秋山 :まあとりあえず、ゲームしてみましょう、ゲーム。
(プレイ中)
仮面 :まあ……こんな感じだ。
秋山 :あんまり面白くないですね。
仮面 :うぉい!ハッキリ言うな!
秋山 :レースゲームっていうから競走するものと思っていましたよ。
アニメーションシステムの例「Mecanim Example Scenes」
次に「Mecanim Example Scenes」です。これはUnityのアニメーション機能「Mecanim」を紹介するサンプル集です。

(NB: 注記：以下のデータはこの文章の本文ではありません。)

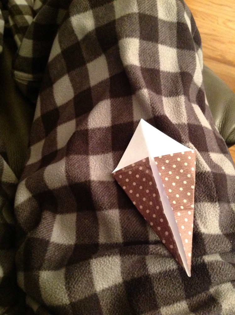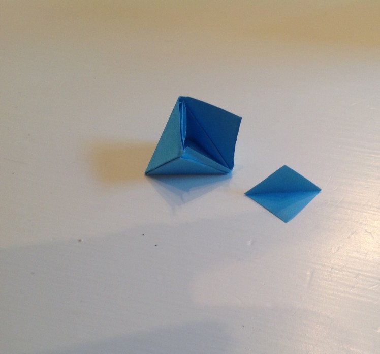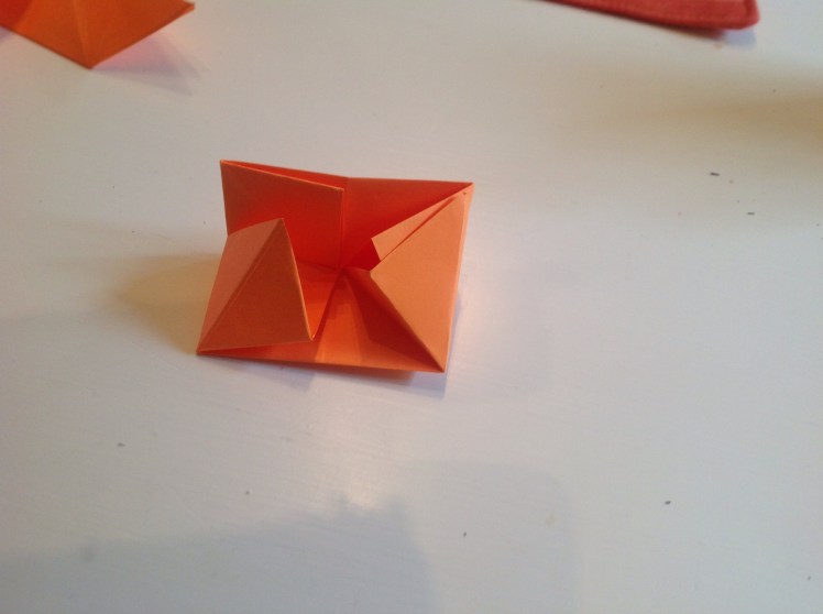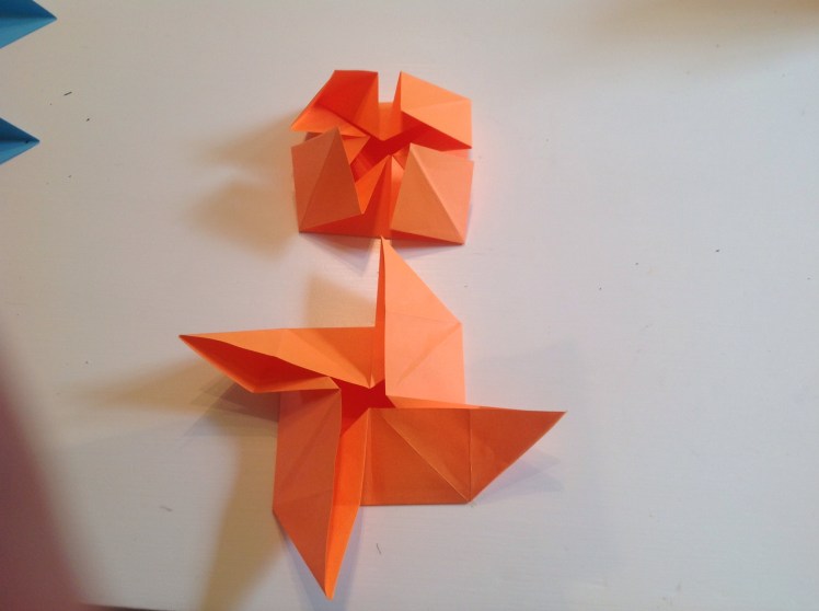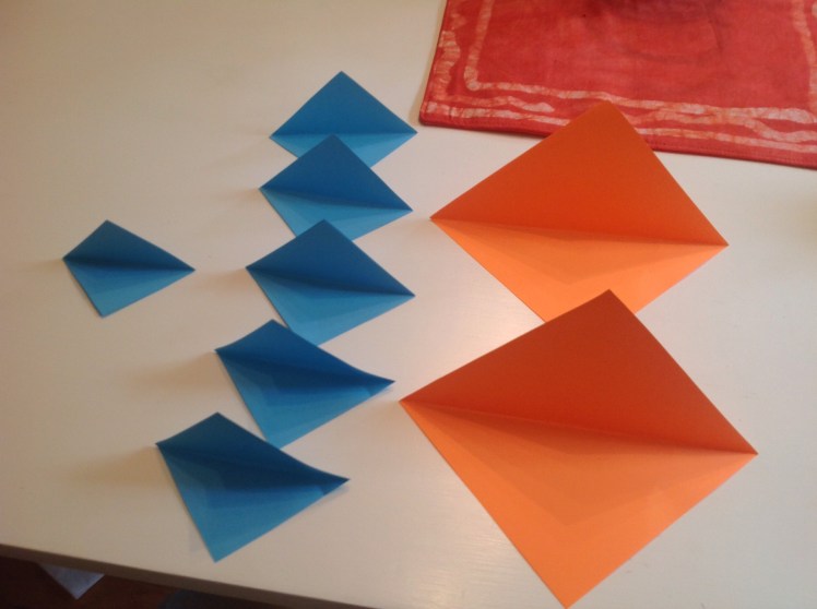 For each of the large and the six smaller squares you will be folding them into pinwheel bases. (If you don’t know how to fold the pinwheel base you can easily find it by looking on line. It is a traditional Origami base unit.)
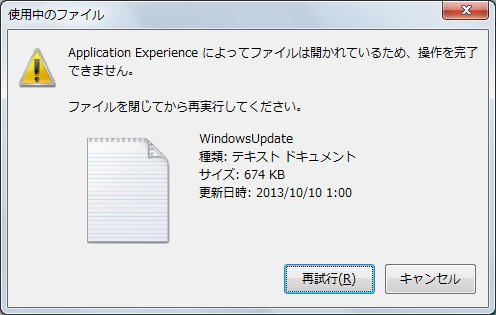 ファイルを編集したり削除しようとした場合、他のプロセスが開いていて編集・削除できないことがあります。このような場合、ファイルを開いているプロセス(アプリケーションやサービスなど)を終了させてからファイルを編集・削除する必要があります。そういう場合は openfiles でファイルを開いているプロセスを調査することが出来ます。
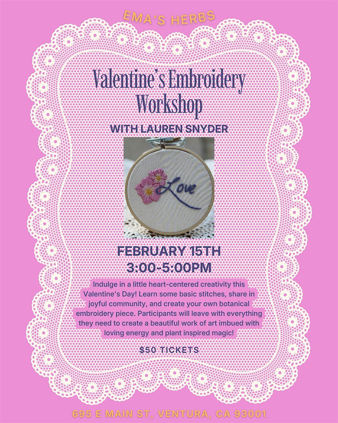 Indulge in a little heart-centered creativity this Valentine's Day with another Botanical Embroidery workshop! Join local herbalist and botanical artisan, Lauren Snyder, as you learn some basic stitches, share in joyful community, and create your own botanical embroidery piece. All materials will be provided and participants will leave with everything they need to create a beautiful work of art imbued with loving energy and plant inspired magic. All levels of experience are welcome!
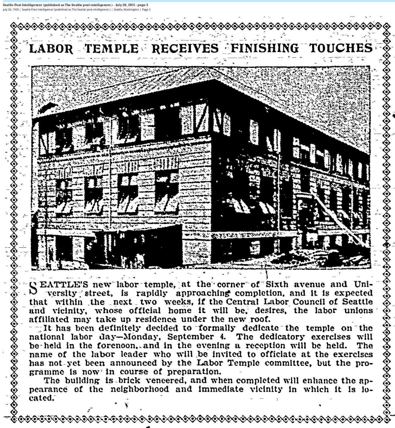 1905 07-26 SPI p5 May 16, 2023 1320 × 1431 Seattle Now & Then: Seattle Labor Temple, 1955 July 26, 1905, Seattle Post-Intelligencer, p5.
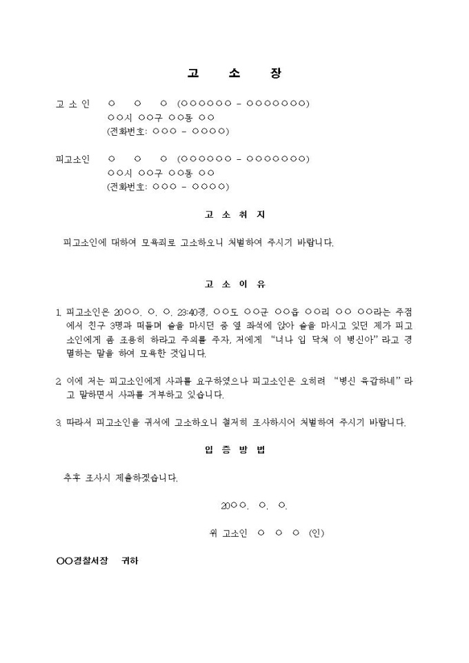 9,000원/월(고소장)모욕죄(주점에 술을 마시던 중)입니다.
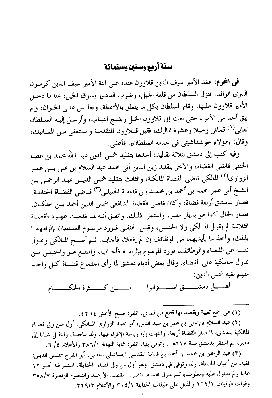 سنة أَربع وَسِتِّينَ وسِتمِائَة فِي الْمحرم: عقد الْأَمِير سيف الدّين قلاوون عِنْده على ابْنة الْأَمِير سيف الدّين كرمون التتري الْوَافِد. فَنزل السُّلْطَان من قلعة الْجَبَل وَضرب الدهليز بسوق الْخَيل عِنْدَمَا دخل الْأَمِير قلاوون عَلَيْهَا. وَقَامَ السُّلْطَان بِكُل مَا يتَعَلَّق بالأسمطة وَجلسَ على الخوان وَلم يبْق أحد من الْأُمَرَاء حَتَّى بعث إِلَى قلاوون الْخَيل وبقج الثِّيَاب وَأرْسل إِلَيْهِ السُّلْطَان تعابى قماش وخيلا وَعشرَة مماليك فَقبل قلاوون الْمُتَقَدّمَة واستعفى من المماليك وَقَالَ: هَؤُلَاءِ خوشداشيتي فِي خدمَة السُّلْطَان فأعفي. وَفِيه كتب إِلَى دمشق بِثَلَاثَة تقاليد: أَحدهَا بتقليد شمس الدّين عبد الله مُحَمَّد بن عطا الْحَنَفِيّ قَاضِي الْقُضَاة وَالْآخر بتقليد زين الدّين أبي مُحَمَّد عبد السَّلَام بن على بن عمر الزواوي الْمَالِكِي قَاضِي الْقُضَاة الْمَالِكِيَّة وَالثَّالِث بتقليد شمس الدّين عبد الرَّحْمَن بن الشَّيْخ أبي عمر مُحَمَّد بن أَحْمد بن مُحَمَّد بن قدامَة الْحَنْبَلِيّ قَاضِي الْقُضَاة الْحَنَابِلَة. فَصَارَ بِدِمَشْق أَرْبَعَة قُضَاة وَكَانَ قَاضِي الْقُضَاة الشَّافِعِي شمس الدّين أَحْمد بن خلكان فَصَارَ الْحَال كَمَا هُوَ بديار مصر وَاسْتمرّ ذَلِك. وَاتفقَ إِنَّه لما قدمت عهود الْقُضَاة الثَّلَاثَة لم يقبل الْمَالِكِي وَلَا الْحَنْبَلِيّ وَقبل الْحَنَفِيّ فورد مرسوم السُّلْطَان بإلزامهما بذلك وَأخذ مَا بأياديهما من الْوَظَائِف إِن لم يفعلا فأجابا. ثمَّ أصبح الْمَالِكِي وعزل نَفسه عَن الْقَضَاء والوظائف فورد المرسوم بإلزامه فَأجَاب وَامْتنع هُوَ والحنبلي من تنَاول جامكية على الْقَضَاء. وَقَالَ بعض أدباء دمشق لما رَأْي اجْتِمَاع قُضَاة كل وَاحِد مِنْهُم لقبه شمس الدّين: أهل دمشق استرابوا من كَثْرَة الْحُكَّام
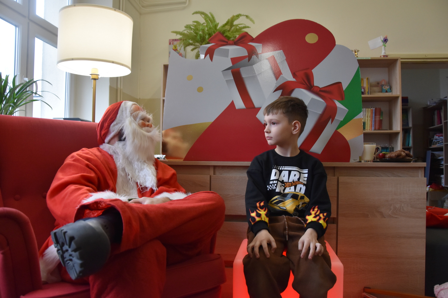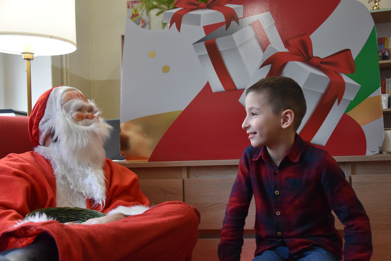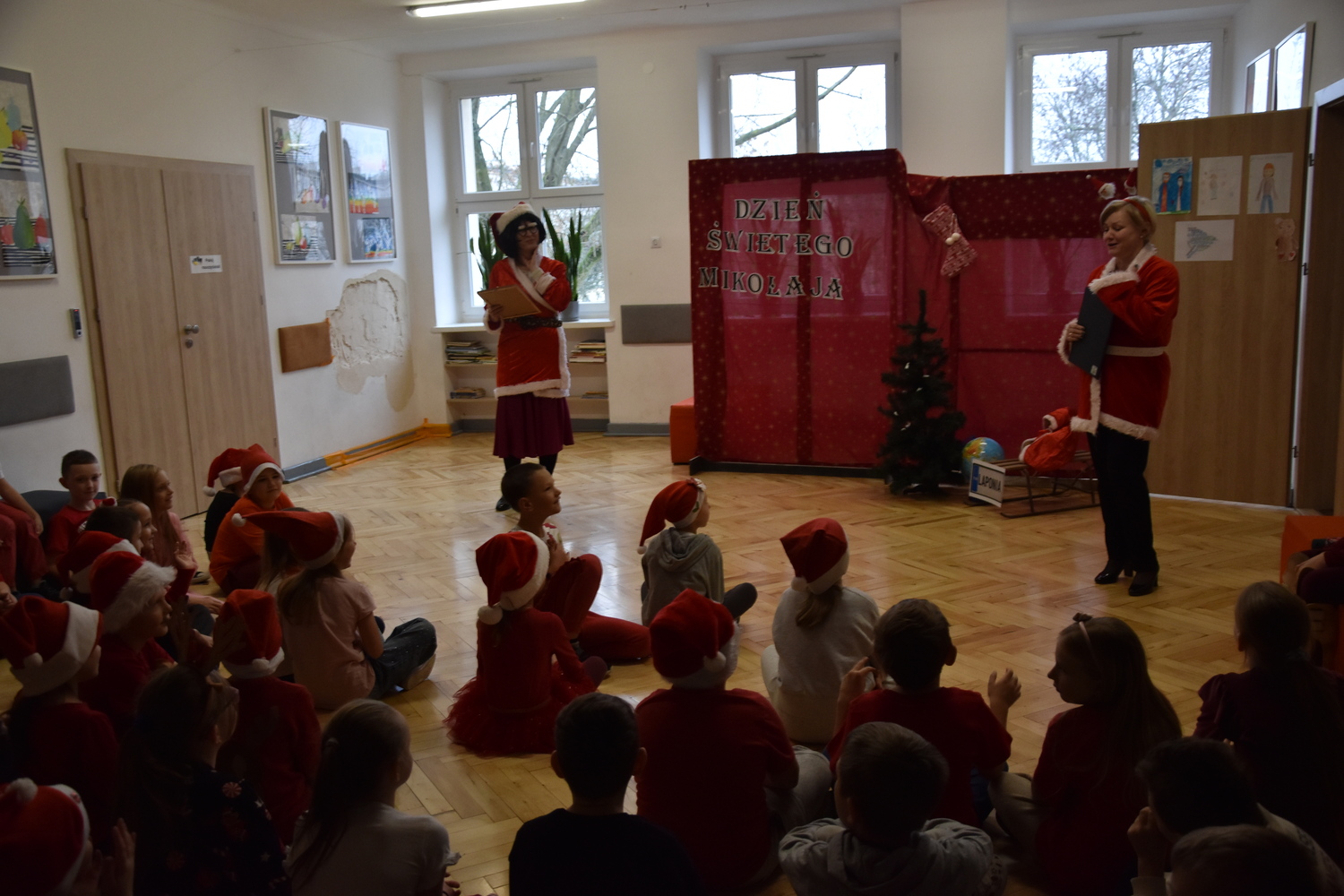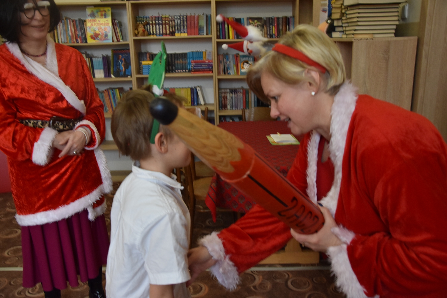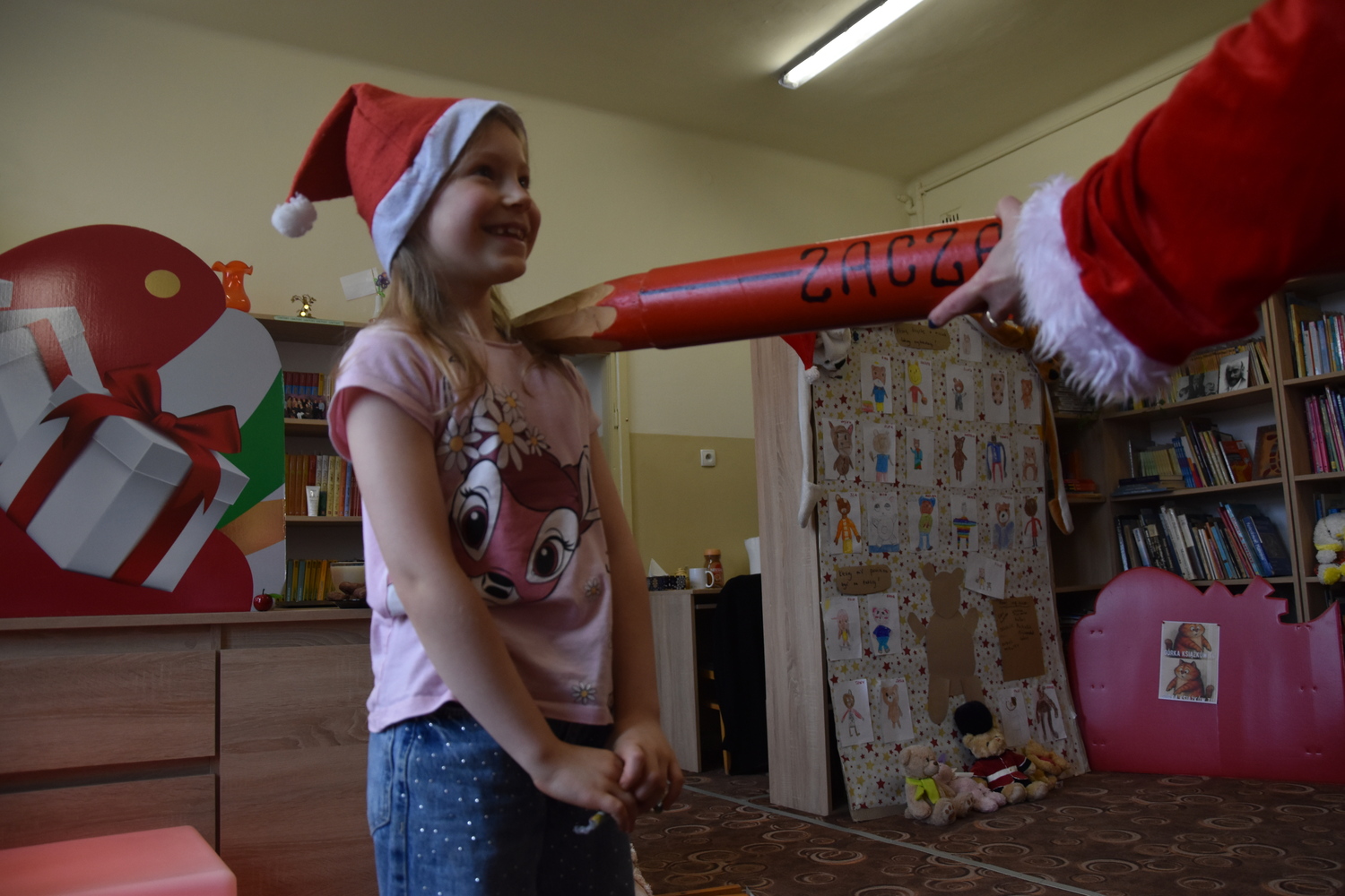 Podczas spotkania Mikołaj zwrócił się do dzieci z krótkim, wesołym pytaniem, sprawdzając ich gotowość do rozpoczęcia przygody z książką. Uczniowie poradzili sobie z nim doskonale, dzięki czemu każdy z nich mógł zostać uroczyście pasowany przez wyjątkową pomocnicę Mikołaja.

「Mecanim」はその機能だけでもかなり大きい仕組みなので、ここでは「Unityで簡単にアニメーションを作ることを実現する機能」として紹介します。
秋山 :これはUnityさんが作ったのですか?
仮面 :そうだ。先ほどの「Car Tutorial」もそうだが、Unity Technologies社が提供しているAssetは基本無料だ。
秋山 :基本無料というとなんかアレですね。
仮面 :アレではない!たまに有料のAssetもあるということだ。
秋山 :やっぱりアレじゃないですか。
仮面 :アレじゃない!というかアレってなんだー!
フォルダ分けでスッキリ
まずはこの二つのAssetを使って、ゲームを簡単に作ってみましょう。
二つのAssetをAsset Storeから読み込むと、それぞれのフォルダが入り交じってしまいます。そこでまず「Car Tutorial」をDownloadし、Importしたのち、「 CarTutorial」というフォルダを作りましょう。そして全てのフォルダをその「CarTutorial」以下に入れてしまいましょう。同様に「Mecanim Example Scenes」も「MecanimSample」というフォルダを作ってその中に全て入れます。これでそれぞれの置き場所がわかりやすくなりました。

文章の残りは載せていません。